• WHAT TO DO: The range to repeat runs from the line with "Регулируемый поддельный пирсинг" to the last line below, both ends included; give it exactly and without pictures.

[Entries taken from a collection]
=-=-=

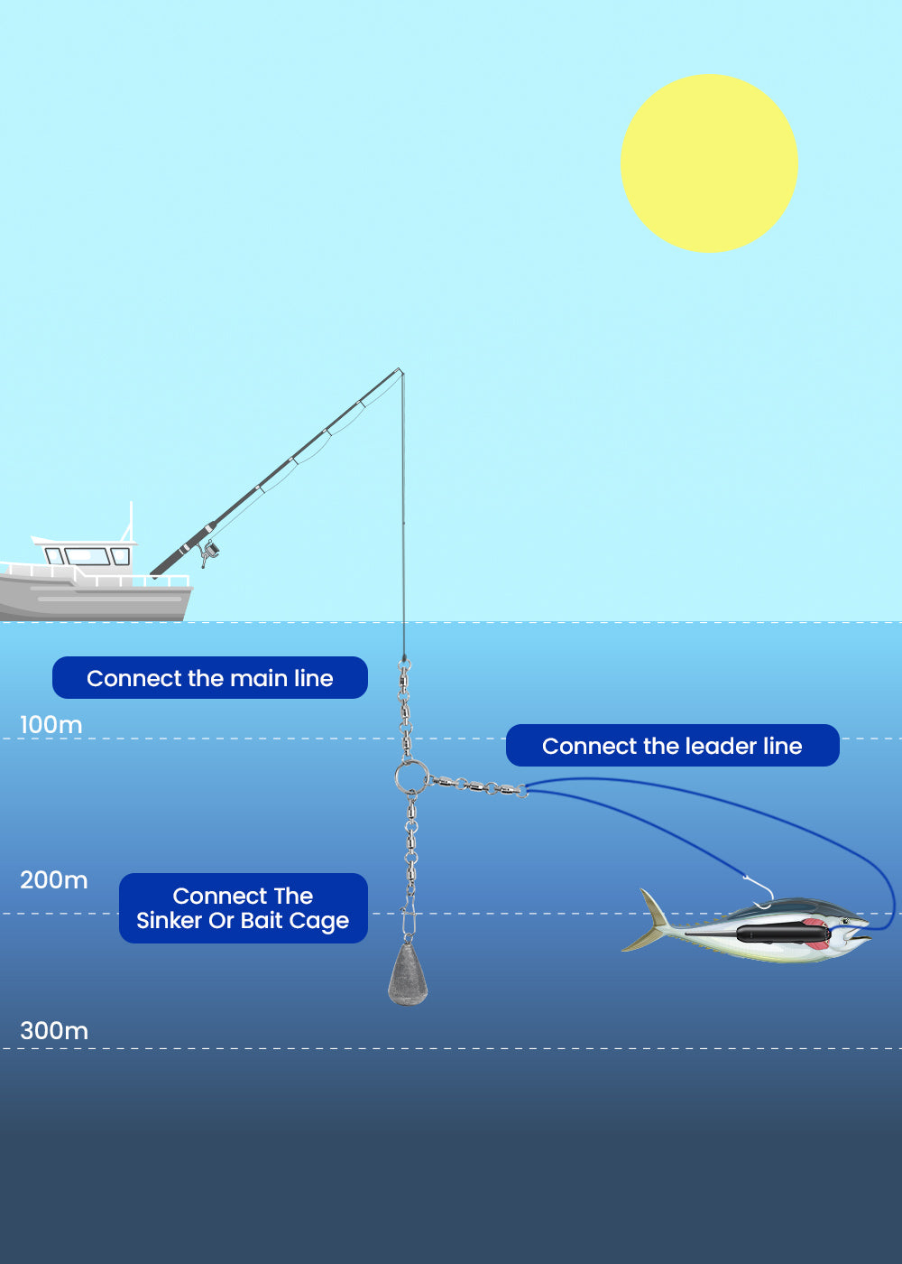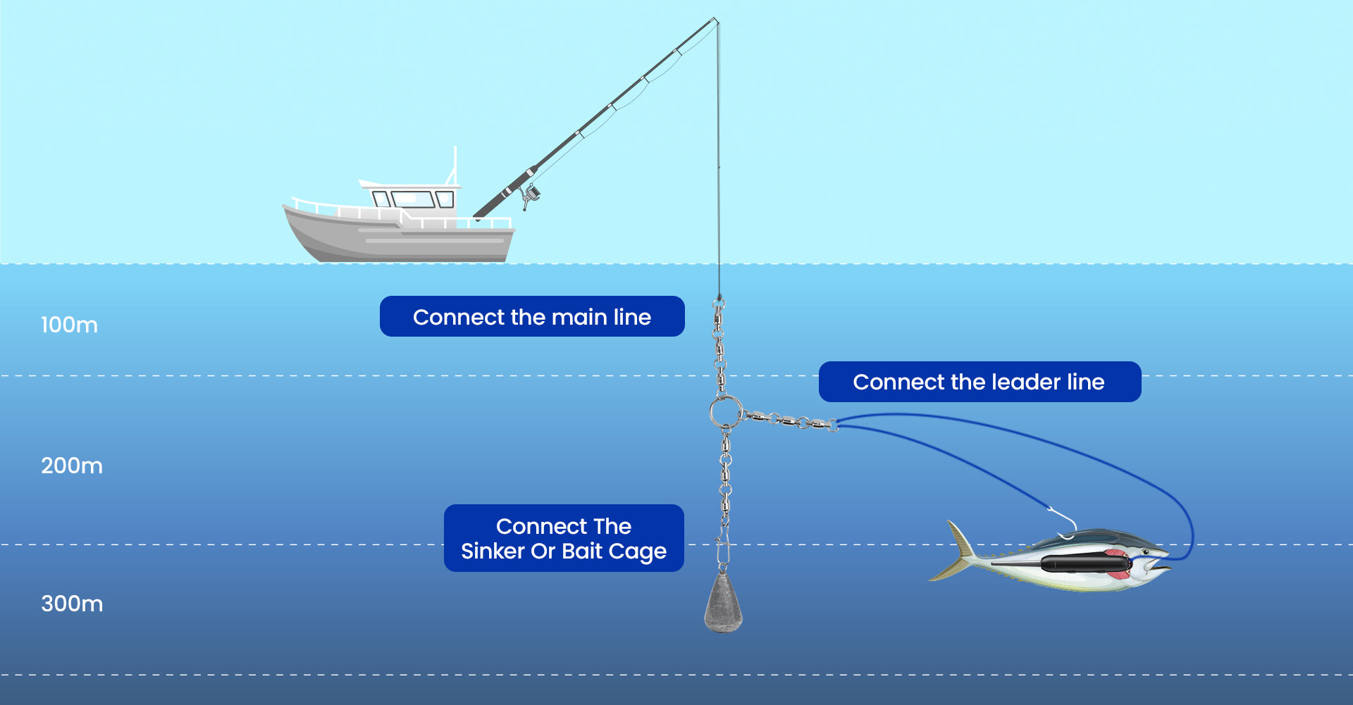 The main line from the fishing rod connects to a swivel that minimizes twisting. A snap link allows quick attachment of weights or bait cages. A leader line follows, offering strength and abrasion resistance, ending in a hook or lure to secure your bait. This setup enables quick adjustments and reliable performance.
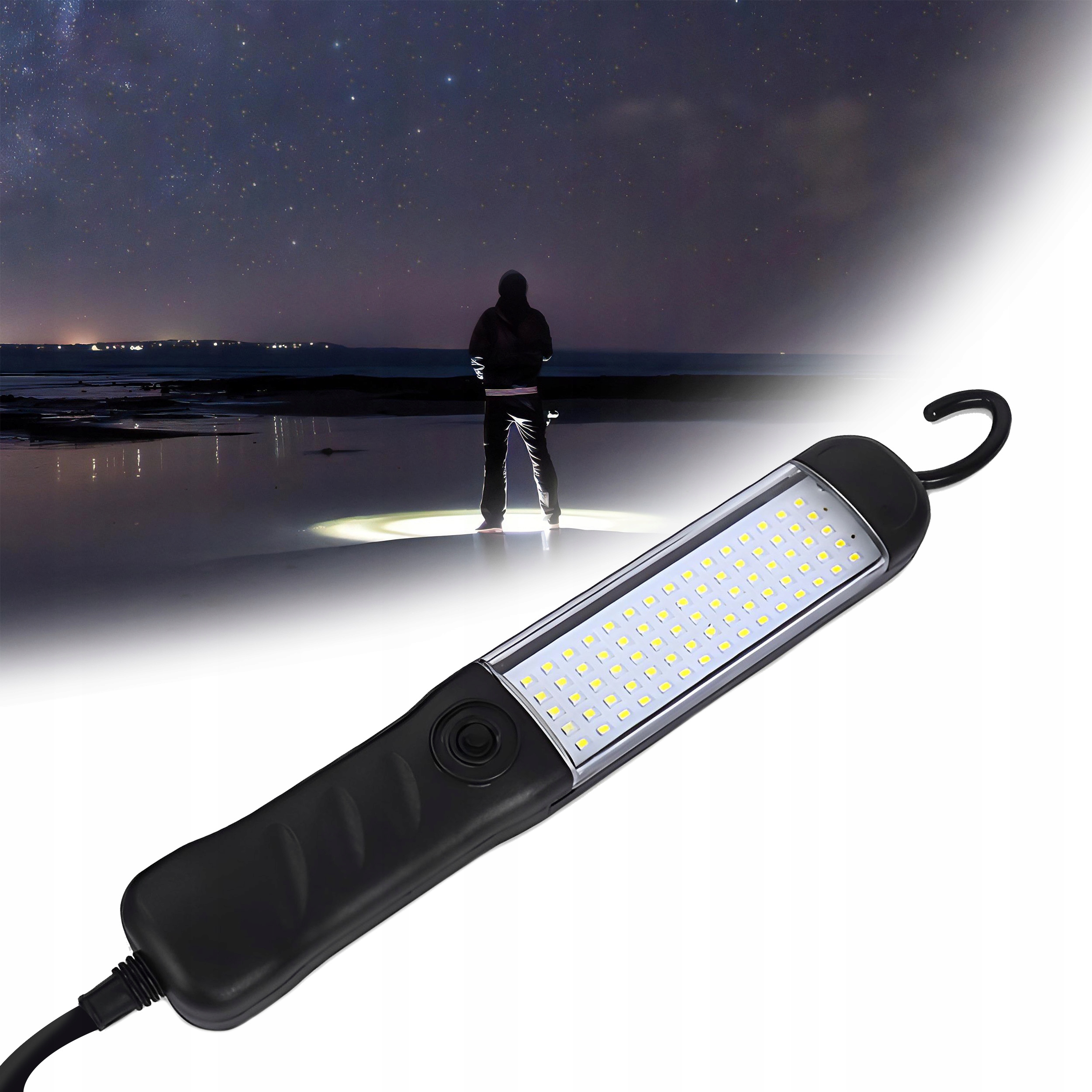 Магнит помещается в нижней части корпуса и позволяет быстро и простое и простое прикрепление лампы к различным типам стальных поверхностей. Благодаря этому мы можем комфортно и переместить лампу без каких -либо проблем и поместить ее там, где нам нужно дополнительное освещение. сложно увидеть. Вот почему такая лампа так полезна в мастерской или гараже
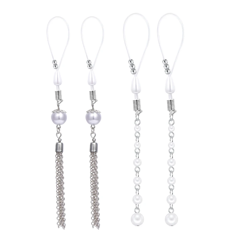 Регулируемый поддельный пирсинг для соски, кольца с подвеской, белые жемчужины, кисточки, зажимы для сосков, ювелирные наборы
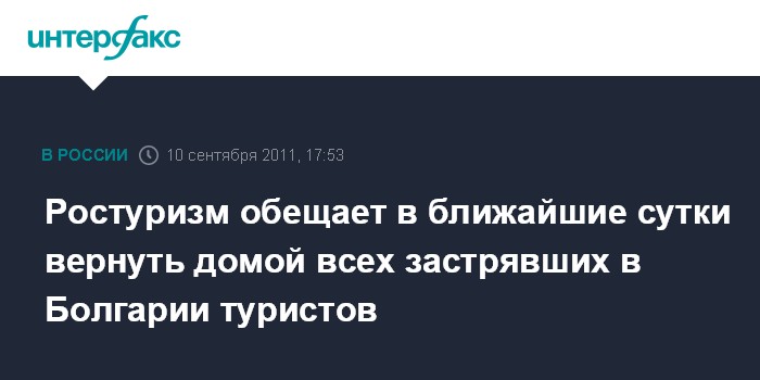 Москва. 10 сентября. INTERFAX.RU - Российские туристы, ставшие заложниками финансового конфликта в Болгарии между туроператором и авиаперевозчиком, вернутся на родину в ближайшие сутки, заверяют в Ростуризме. "По нашим данным, в Болгарии находится 900 российских туристов, которые из-за конфликта между туроператором "Алма-тур" и авиакомпанией "Булгариан эйр" не могут вернуться в Россию", - сообщил "Интерфаксу" в субботу вечером пресс-секретарь Федерального агентства по туризму (Ростуризм) Олег Мосеев.
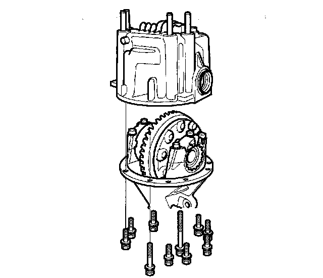 2. Remove the ten mounting bolts in a crisscross pattern in several steps, then remove the differential case assembly.
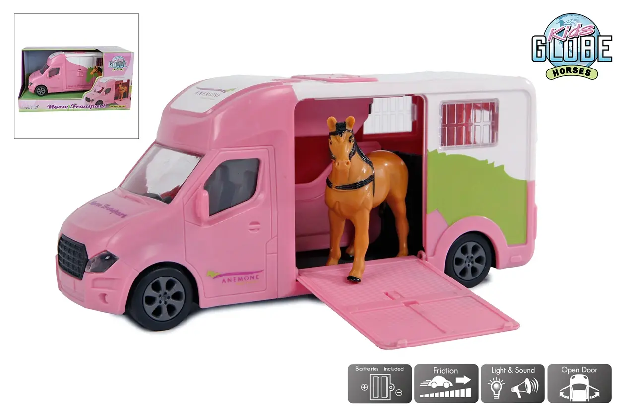 Kids Globe Anemone Paarden truck roze, met licht en geluid

=-=-=

• RESPONSE FOR THIS EXERCISE:
 Регулируемый поддельный пирсинг для соски, кольца с подвеской, белые жемчужины, кисточки, зажимы для сосков, ювелирные наборы
 Москва. 10 сентября. INTERFAX.RU - Российские туристы, ставшие заложниками финансового конфликта в Болгарии между туроператором и авиаперевозчиком, вернутся на родину в ближайшие сутки, заверяют в Ростуризме. "По нашим данным, в Болгарии находится 900 российских туристов, которые из-за конфликта между туроператором "Алма-тур" и авиакомпанией "Булгариан эйр" не могут вернуться в Россию", - сообщил "Интерфаксу" в субботу вечером пресс-секретарь Федерального агентства по туризму (Ростуризм) Олег Мосеев.
 2. Remove the ten mounting bolts in a crisscross pattern in several steps, then remove the differential case assembly.
 Kids Globe Anemone Paarden truck roze, met licht en geluid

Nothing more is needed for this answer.